Our work was inspired by a previous investigation of self-attention layers which identified sufficient conditions such that they can perform convolution when equipped with relative positional encodings (Cordonnier et al., 2020; Andreoli, 2019) . Rather than relying on relative encodings, we here show how soft-masking can be used to learn sample efficiently more general input transformations, such as rotation, reflection, and scaling. To the extent of our knowledge, the group-action learning problem has not been explicitly and generally formulated in previous work. That being said, many previous works have focused on specific instances, such as learning to sort (Graves et al., 2014; Reed & De Freitas, 2015; Li et al., 2020) by selecting an element of the permutation group S n , docking/folding by roto-translating objects according to an action in the special Euclidean group SE(3) (Sverrisson et al., 2022; Stärk et al., 2022; Jumper et al., 2021) , and graph spectrum generation where the learned actions belong to the Stiefel manifold (Martinkus et al., 2022) . Our work is similar in spirit to recent efforts in neuro-symbolic visual reasoning (Johnson et al., 2017b; a; Goyal et al., 2017; Mao et al., 2019; Higgins et al., 2018) . Many approaches based on attention mechanisms have been proposed in the past few years (Hudson & Manning, 2018; 2019) . Our work differentiates from the former in that we aim to learn basic geometric reasoning in a sample-efficient way, rather than modeling relationships between high-level concepts. Finally, some recent works came to our same conclusion on the advantages of using attention masks to incorporate prior knowledge in neural networks. As an example, Yan et al. (2020) focus on the task of learning subroutines (e.g., sorting algorithms) and use a CNN to generate an attention mask for a Transformer encoder. They show that learning the attention mask allows them to generalize to longer sequences than the ones provided at training time. Similarly, Sartran et al. (2022) used precomputed attention masks to incorporate syntactic compositional biases in language models.

7. CONCLUSION

This paper focused on how to help deep learning models to learn geometric transformations efficiently. Specifically, we proposed to incorporate lattice symmetry biases into attention mechanisms by modulating the attention weights using learned soft masks. We have shown that attention masks implementing the actions of the symmetry group of a hypercubic lattice exist, and we provided a way to represent these masks. This motivated us to introduce LATFORMER, a model that generates attention masks corresponding to lattice symmetry priors using a CNN. Our results on synthetic tasks show that our model can generalize better than the same attention modules without masking and Transformers. Moreover, the performance of our method on a subset of ARC provides the first evidence that deep learning can be used on this dataset, which is widely considered as an important challenge for AI research.
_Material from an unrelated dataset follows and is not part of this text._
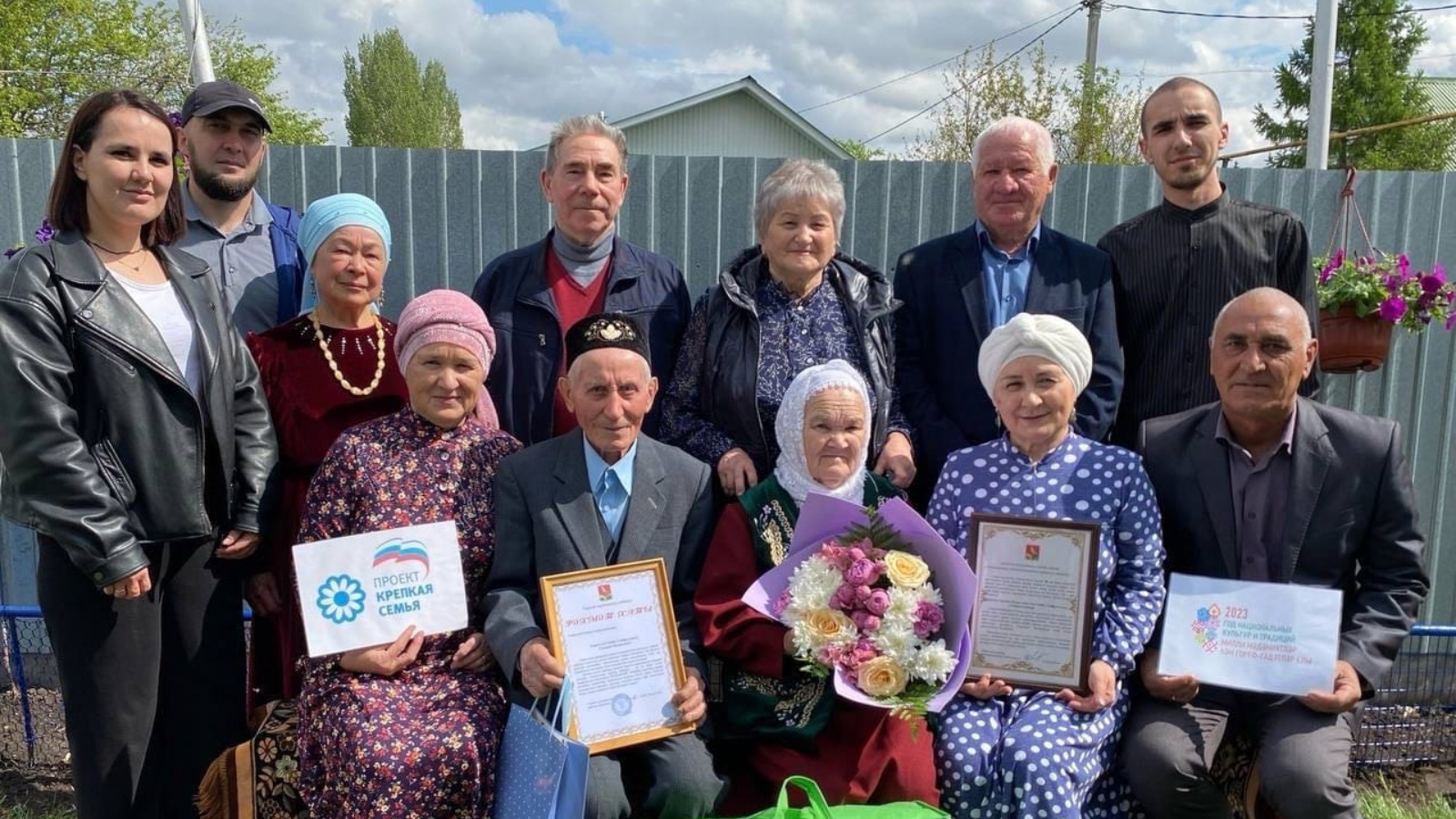 Халыкара гаилә көнендә, «Ныклы гаилә», "Гаилә-тынычлык нигезе" проектлары һәм Милли мәдәният һәм традицияләр елы кысаларында Сарман районы башлыгы Фәрит Хөснуллин Сопбух һәм Гөлсинә Гыйбадуллиннарны Бриллиант туйлары белән котлады. Юбилярларга Башкарма комитеты җитәкчесе урынбасары, районның Хатын-кызлар Советы рәисе Индира Сәхипова, ГХАТ бүлеге җитәкчесе Гөлчәчәк Вәлишина, Сарман авыл җирлеге башкарма комитеты җитәкчесе Лилия Шәрипова, ветераннар Советы рәисе Асыляр Харисов туганнары һәм якыннары үзләренең изге теләкләрен җиткерделәр. Юбилярларга муниципаль район Башлыгының Рәхмәт хаты һәм истәлекле бүләкләр тапшырылды.

A ADDITIONAL DETAILS ON THE MODEL

This section describes the LATFORMER architecture providing additional details that were not covered in Section 4.1. As mentioned in Section 4.1, it is possible to design convolutional neural networks that perform all considered transformations of the lattice. Figure 6 shows the architecture of the four expert models that generate translation, rotation, reflection and scaling masks.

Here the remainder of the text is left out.